A third deal was contained in a joint announcement between the government and the UN World Food Programme (WFP). On 6 February, the UN’s food agency claimed a “breakthrough” as Ethiopian Minister of Peace Muferihat Kamil said aid worker travel and visa requests would be expedited – and communication capabilities for response operations improved – but he didn’t refer to the blanket travel permission sought by the UN.
As part of this agreement, the UN did secure approval to move 25 more staff to the region, although dozens more UN and NGO aid workers remain in the capital awaiting travel permits. WFP said it would scale up the supply of emergency food rations for up to one million people as well as provide logistics support. Kamil said humanitarian assistance should be “expanded and intensified without delay”.

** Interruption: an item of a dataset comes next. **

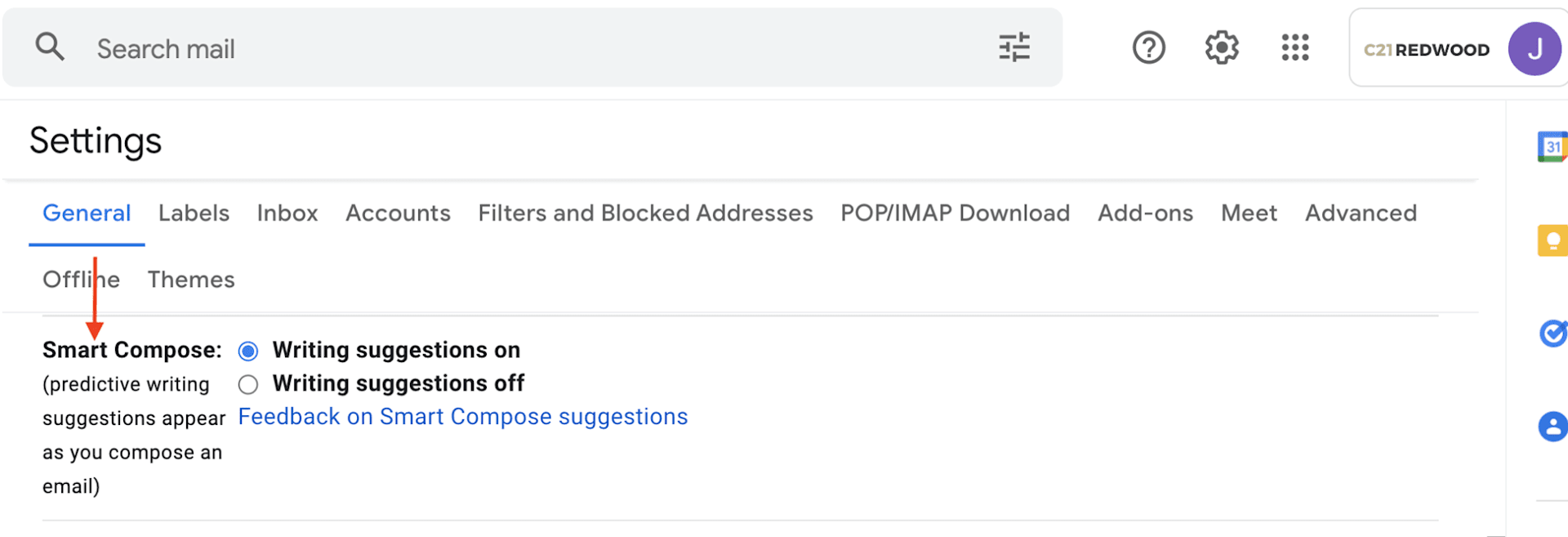 When this feature is turned on in your Settings (under the General tab), Google will give you autocomplete suggestions for your words and phrases as you start to type messages. It will also begin to ‘learn’ your preferred phrasings and messages to offer them as options as you continue to use Gmail.

Aside from the UN efforts, international NGOs say they are continuing to pursue access permission from the government’s Ministry of Peace directly. TNH has obtained a joint letter from NGOs, dated 1 December 2020, asking for permission to scale up. Aid officials said the international NGOs would prefer to stay separate from UN arrangements, but told TNH that verbal assurances from the NDRMC have not been formalised by its parent, the Ministry of Peace.
Aid officials acknowledged that over recent weeks a limited number of foreign aid workers are being allowed as far as the regional capital, Mekelle, but said even they were largely blocked from travelling out further into the region. One aid worker said expatriate aid workers were particularly relevant in the situation, so as to provide a buffer to official interference with Ethiopian staff. Another disagreed, saying the situation was so delicate that local knowledge was paramount.
A recent UN map shows most of the Tigray region to be “inaccessible” for aid operations. The term includes a range of possibilities: ongoing insecurity and fighting, government reluctance to allow outside visitors, or areas of possible rebel control.
Meanwhile, no discussions or agreements have been disclosed on how aid could reach any area controlled by the TPLF.
The government wants to prevent assistance from reaching the TPLF, keeping very tight control on aid flows as well as on valuable tools like satellite phones, NGO officials said.
Given the level of control the government seems to want to exert, they feared their work on the ground would struggle to maintain distance from the Ethiopian military, undermining their neutrality and independence, while the use of military escorts to accompany aid teams and convoys could make relief operations a rebel target.
The International Committee of the Red Cross and Médecins Sans Frontières enjoy better mobility and access than most. Nevertheless, in a blog, one MSF staffer wrote on 1 February: “We still haven’t been able to go to many places, because access is still difficult, either because of insecurity or because it is hard to obtain authorisation.”